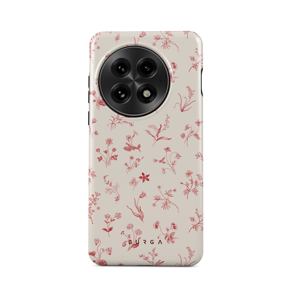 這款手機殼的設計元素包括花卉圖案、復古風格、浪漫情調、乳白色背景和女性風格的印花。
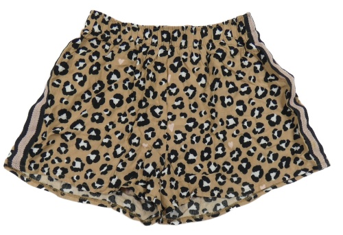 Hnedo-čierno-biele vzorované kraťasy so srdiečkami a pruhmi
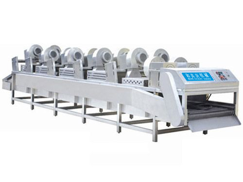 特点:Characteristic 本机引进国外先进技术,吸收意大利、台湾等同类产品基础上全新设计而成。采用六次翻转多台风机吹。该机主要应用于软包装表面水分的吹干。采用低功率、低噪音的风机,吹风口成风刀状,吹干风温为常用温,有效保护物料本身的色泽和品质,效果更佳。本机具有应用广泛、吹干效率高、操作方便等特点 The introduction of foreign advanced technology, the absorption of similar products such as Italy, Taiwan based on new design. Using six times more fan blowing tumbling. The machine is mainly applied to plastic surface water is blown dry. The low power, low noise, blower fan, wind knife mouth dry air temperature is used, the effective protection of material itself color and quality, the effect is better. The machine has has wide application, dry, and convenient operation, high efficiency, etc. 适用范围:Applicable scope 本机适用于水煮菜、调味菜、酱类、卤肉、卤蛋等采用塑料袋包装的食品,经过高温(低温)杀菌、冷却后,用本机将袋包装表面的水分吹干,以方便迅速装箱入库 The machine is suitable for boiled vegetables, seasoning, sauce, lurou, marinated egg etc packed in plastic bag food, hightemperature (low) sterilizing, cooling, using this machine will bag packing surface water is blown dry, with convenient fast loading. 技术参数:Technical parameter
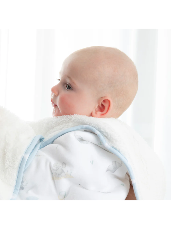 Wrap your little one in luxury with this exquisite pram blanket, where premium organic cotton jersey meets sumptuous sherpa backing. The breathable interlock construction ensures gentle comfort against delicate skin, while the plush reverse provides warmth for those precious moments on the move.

DESCRIPTION OF THE TASK
Give back the lines word for word, from the very first in the material above to the one that has "Hnedo-čierno-biele vzorované kraťasy", both included, without the pictures.

WRITTEN REPLY
 這款手機殼的設計元素包括花卉圖案、復古風格、浪漫情調、乳白色背景和女性風格的印花。
 Hnedo-čierno-biele vzorované kraťasy so srdiečkami a pruhmi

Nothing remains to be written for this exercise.